Почтальонка Мария пришла к ним как раз в обед, ког­да тетка была дома. Она и протянула руку за письмом. Однако Мария подала письмо Михе.

– Там написано «лично», – оправдываясь, пояснила она тетке.

Та поджала губы и демонстративно отвернулась в сто­рону. А Михась оцепенело смотрел на письмо, не решаясь его распечатать. Самодельный серый конверт подписан отцом. Впервые за всю войну. И Мишкино сердце нехорошо екнуло: что-то с мамой!

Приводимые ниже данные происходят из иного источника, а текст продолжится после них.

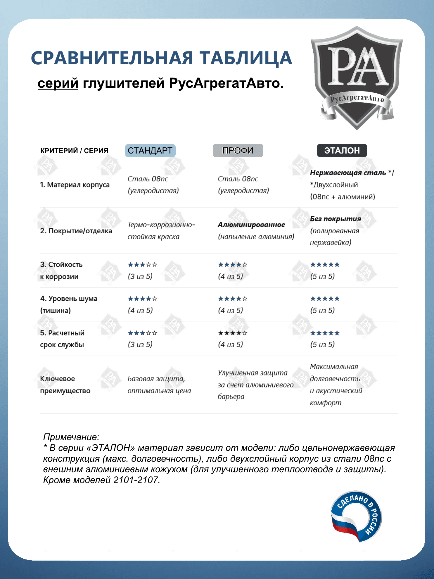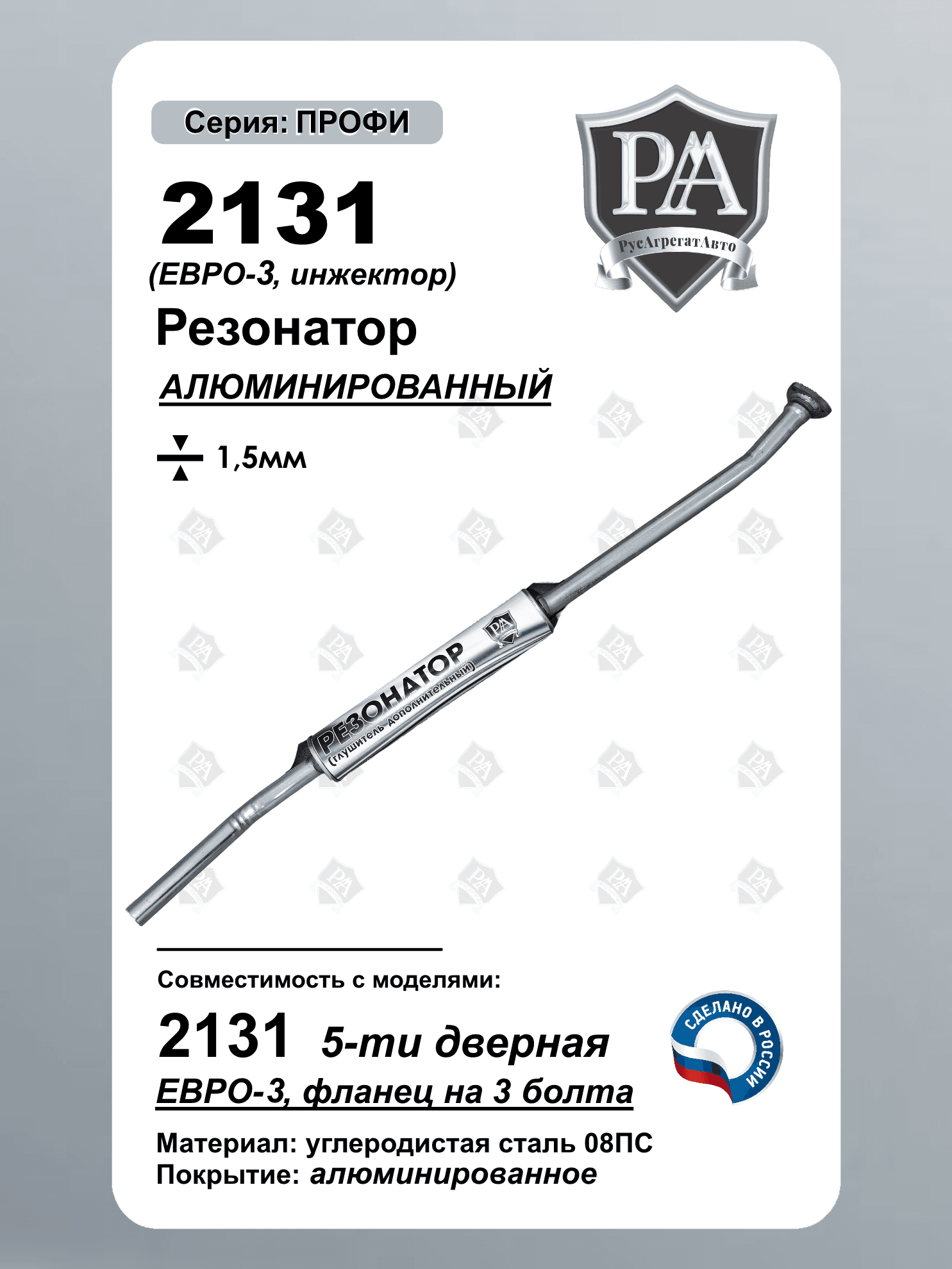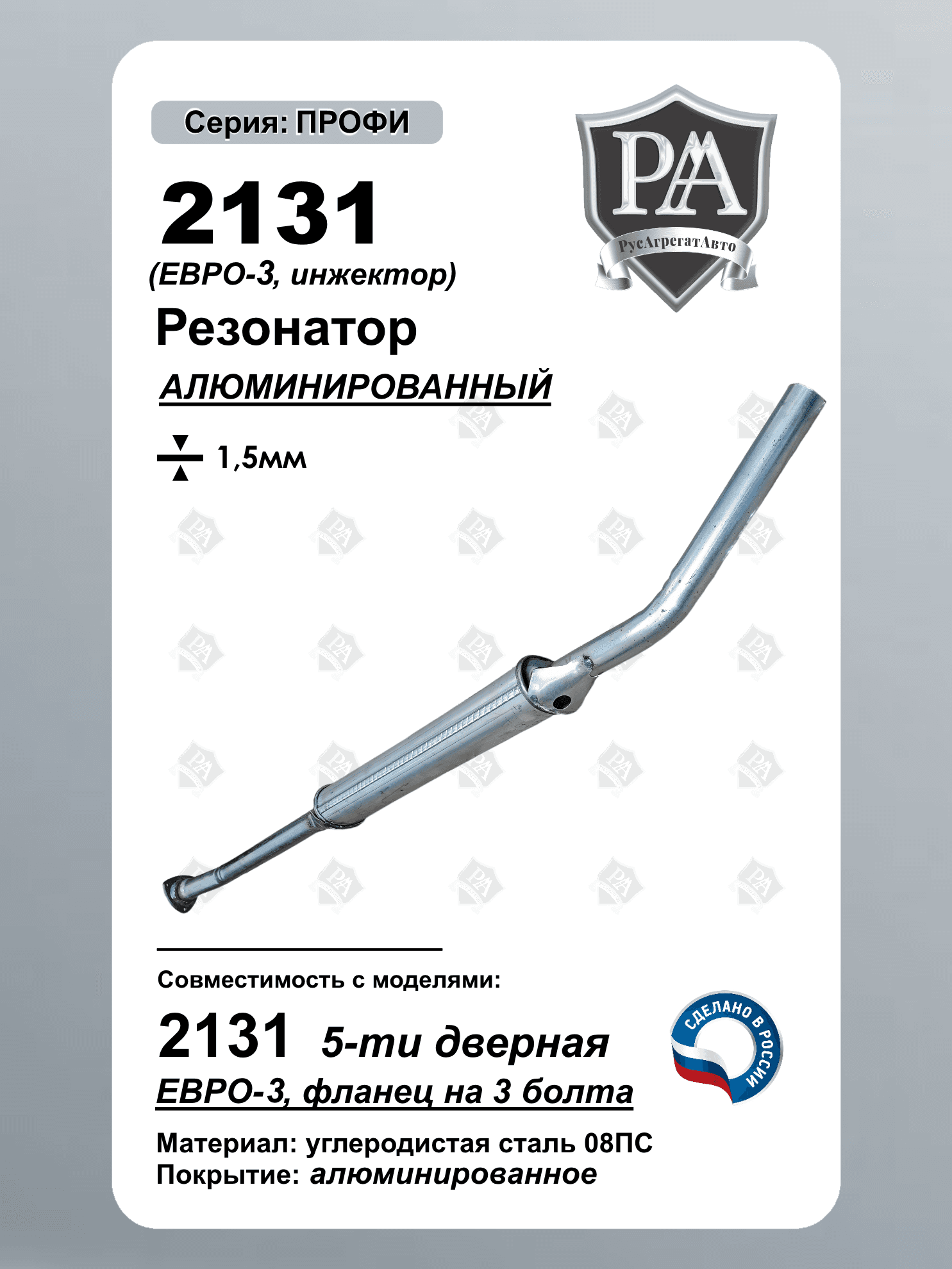 Резонатор РусАгрегатАвто из алюминированной (алюминизированной) стали серия ПРОФИ (дополнительный глушитель) ЕВРО-2 для 2131 с инжекторным двигателем Специально разработан для эффективного снижения шума и вибраций в выхлопной системе. Ключевые преимущества: Технология закатного корпуса - повышенная герметичность и срок службы\nУсовершенствованная 3-камерная система Материал: Алюминированная сталь толщиной 1,5 мм Точная заводская геометрия – установка без доработок Полное соответствие заводским стандартам - простая установка без доработок Идеальная совместимость - точное соответствие штатным креплениям Основные особенности: Покрытие – на стальную основу наносится тонкий слой алюминия (обычно методом горячего погружения или напылением). Защита от коррозии – алюминий образует плотную оксидную плёнку, предотвращающую ржавление стали. Термостойкость – выдерживает высокие температуры (до ~600–800°C), поэтому применяется в печах, выхлопных системах и т. д. Электропроводность и отражательная способность – алюминиевый слой улучшает эти свойства Совместим с ВАЗ 2131 НИВА, Нива Легенд Сделано в России

Мария и тетка вопросительно глядят на него, и он за­ставляет себя разорвать конверт. «Мужайся, сын, – нет у нас больше нашей мамы...» Михась читает эту строчку раз, еще раз, еще... Буквы запрыгали, смешались, понеслись хороводом. Следом закружился потолок, стремительно сни­жаясь, и рухнул всей тяжестью на Миху...

Очнулся он посреди комнаты на полу. Над ним стояла плачущая Мария и лила ему на грудь воду из ковша. Тетка каталась по полу и голосила: «Сестричка моя родненькая! Сестричка единственная!» Михась отстранил Марию с ковшиком, поднялся, взял со стола письмо и стал читать дальше: «Осиротели мы с тобой, сы­нок. Я пишу тебе эти страшные слова, а сам все еще никак не могу поверить в это. Но ве­рить приходится – все произошло на моих глазах. Когда начался налет, мы уже вели операцию и бросить, конечно, не могли. Та­кое уж случалось не однажды, и ничего – проносило. На этот раз не пронесло. Осколок попал маме в висок. Она не страдала – умерла мгновенно. У меня пока нет сил написать тебе боль­ше. Скажу только, что ты не представляешь еще, не пони­маешь, сынок, какая необыкновенная была у тебя мама. Я и сам по-настоящему понял это только здесь, на фронте.

Сынок, я буду часто тебе писать и постараюсь написать о маме все, что знаю. Ты должен знать про нее все-все... Я надеюсь на твое мужество. И вот еще что, Михась, я тоже не из стали и нахожусь на фронте. Всякое может случить­ся. И если ты останешься один, решай свою судьбу только сам. Ты уже достаточно взрослый для этого. Но всегда пом­ни: мы с мамой очень надеялись, что ты станешь настоя­щим человеком – честным, умным, добрым. Не подведи нас, сын!»

Сбоку мелко была сделана приписка, «Мама с твоей фотокарточкой никогда не расставалась, и я не стал отнимать у нее самое дорогое. Теперь у меня нет твоей фотокар­точки. Пришли мне, сынок, поскорее другую».

Михась заболел. В бреду кричал и плакал, все пытался куда-то бежать. Из тумана выходила мать и звала за со­бой. Он бежал следом, оступался, проваливался в ямы, те­рял ее из виду, звал. Наконец, находил ее, догонял. Но как только дотрагивался до нее, она рассыпалась на части. Как разбитая им фарфоровая чашка. В ужасе он кричал и от собственного крика приходил в сознание...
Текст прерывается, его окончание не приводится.